Thanks, NCC320. As you can see, the position of the cutout for the motor is slightly off center, so the motor is necessarily mounted a bit off center.

https://picasaweb.google.com/gkoski...anAndStephensSailmaster22#5339787829281887074

https://picasaweb.google.com/gkoski...anAndStephensSailmaster22#5358507252596697266

https://picasaweb.google.com/gkoski...anAndStephensSailmaster22#5358507247976402370

AS you suggest, this does likely cause the 'supplemental rudder effect, both by sticking the shaft down into the water and by disrupting the laminar flow over the rudder, especially at low boat speed in light air (when it is most noticable).
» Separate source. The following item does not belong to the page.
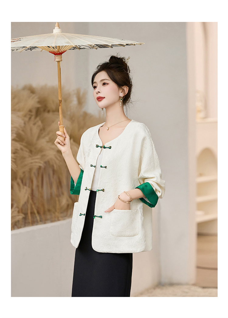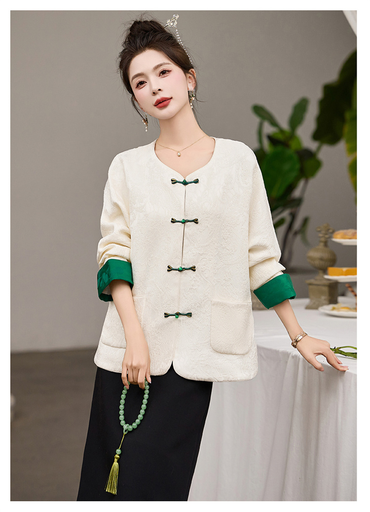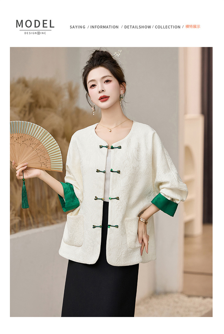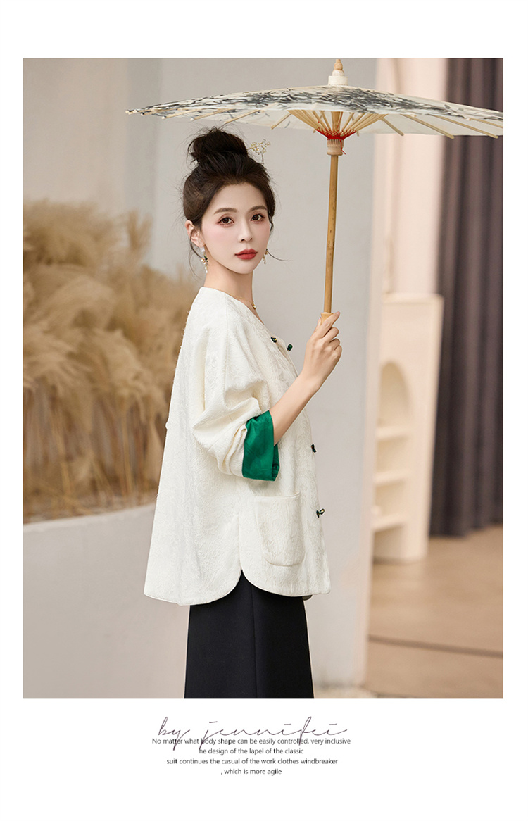 春季新中式,盘扣撞色提花宽松时尚款新款套装HR-DJ5801

As I listen to my 'advisers' here, I'm inclined to see if I can mount th motor any closer to the centerline, possible change the prop, and perhaps most importantly, go out a practice, practice and practice some more on backing the boat. Obviously she does better with some way on. Besides, mostly I just sail in and out of the slip anyway, but I am most concerned about heading into strange harbors and anchorages under power where the maneuverability may be limited. Chicken, I guess...


----------



## dabnis (Jul 29, 2007)

George,
Got your PM, you are welcome. From looking at the pictures
I doubt that the amount of offset would cause any noticeable effect if in neutral. I don't think an outboard gearbox will be harmed by
letting the prop spin, no pumps or anything and running in a 
constant oil supply? Super restoration job, massive amount of work!!

Congratulations, Dabnis


----------



## mitiempo (Sep 19, 2008)

Other than it being a bit off center, which may or may nor make a bog difference, I would leave it as it is. Previous posters are right, why spoil the boat's good looks with an outboard hanging off the transom?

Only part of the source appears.